While Apple looks to get its employees back to the office, other companies are giving up on their brick-and-mortar institutions. Lyft (NASDAQ:LYFT) just announced that it will rent out nearly half of its office spaces in New York City, Nashville, San Francisco and Seattle, as it doubles down on its "fully flexible" work policy. The ride-hailing firm feels the strategy "strikes the right balance between trust and choice" for its 4,000 employees, "helping us do our best work while attracting and retaining top talent."

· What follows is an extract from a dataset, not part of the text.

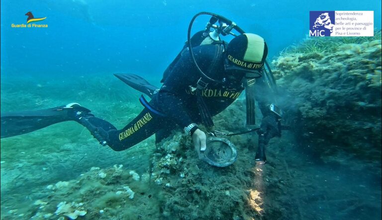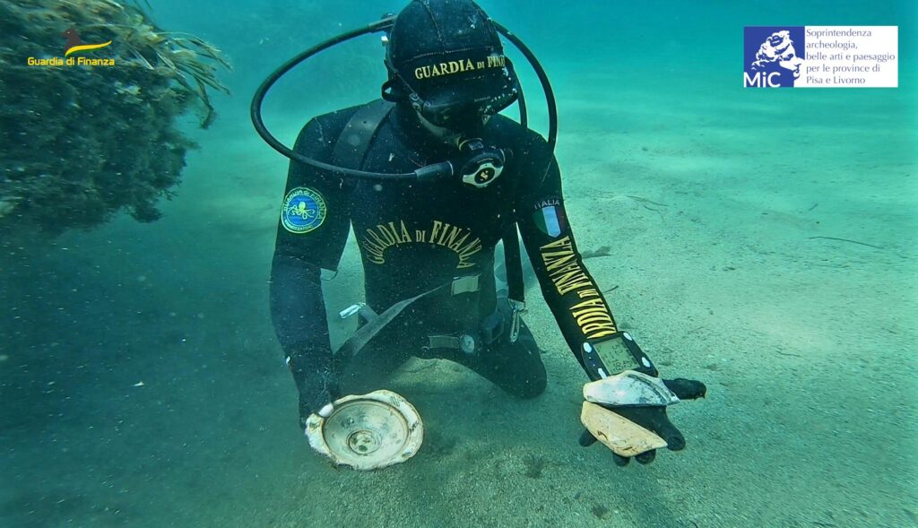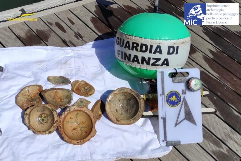 Ai sensi dell’art. 90 del D.Lgs. 22 gennaio 2004 nr. 42 “Codice dei Beni Culturali e del paesaggio”, il materiale oggetto del ritrovamento, a seguito di accurata georeferenziazione da parte dei militari operanti, è stato recuperato ed affidato alla competente Soprintendenza Archeologia Belle Arti e Paesaggio per le provincie di Pisa e Livorno per la catalogazione e per gli approfondimenti necessari a comprendere la natura e la provenienza dei manufatti. Da una prima analisi da parte del personale specializzato della Soprintendenza, il materiale rinvenuto dai Sommozzatori della Stazione Navale della Guardia di Finanza di Livorno, risulta risalire al XIII secolo e, nel dettaglio, trattasi di scodelle in ceramica graffita arcaica savonese. L’operazione di Polizia si inserisce nell’ambito delle molteplici attività istituzionali che il personale della Stazione Navale, sotto il coordinamento del Reparto Operativo Aeronavale labronico, esegue quotidianamente a tutela degli interessi economici finanziari dello Stato, del patrimonio archeologico e, più in generale, nella prevenzione e repressione degli illeciti perpetrati sul mare.

Bigger picture: Lyft (LYFT) intends to sublease about 44% of its combined 615K square feet to other businesses, hoping to cut costs as staff continue to work from home. Software giant Salesforce and business review site Yelp are already among other companies that have said they plan to sell or rent out parts of their offices. Not everyone is on board the trend, however, with Google announcing recent plans to spend $1B buying real estate in the West End of London, and shell out another $7B on offices and data centers in the U.S.
"Many of our team members opted to work remotely after we shifted to a flexible workplace strategy," said Lyft (LYFT) VP Rachel Goldstein. "As a result, we have identified a significant amount of office space that isn't being utilized the way it previously was."
Statistic: The average workplace occupancy rate in the top-10 U.S. metro areas is currently 43.5%, down from over 95% before the pandemic began, according to Kastle Systems, which collects daily data on how many workers swipe into office buildings.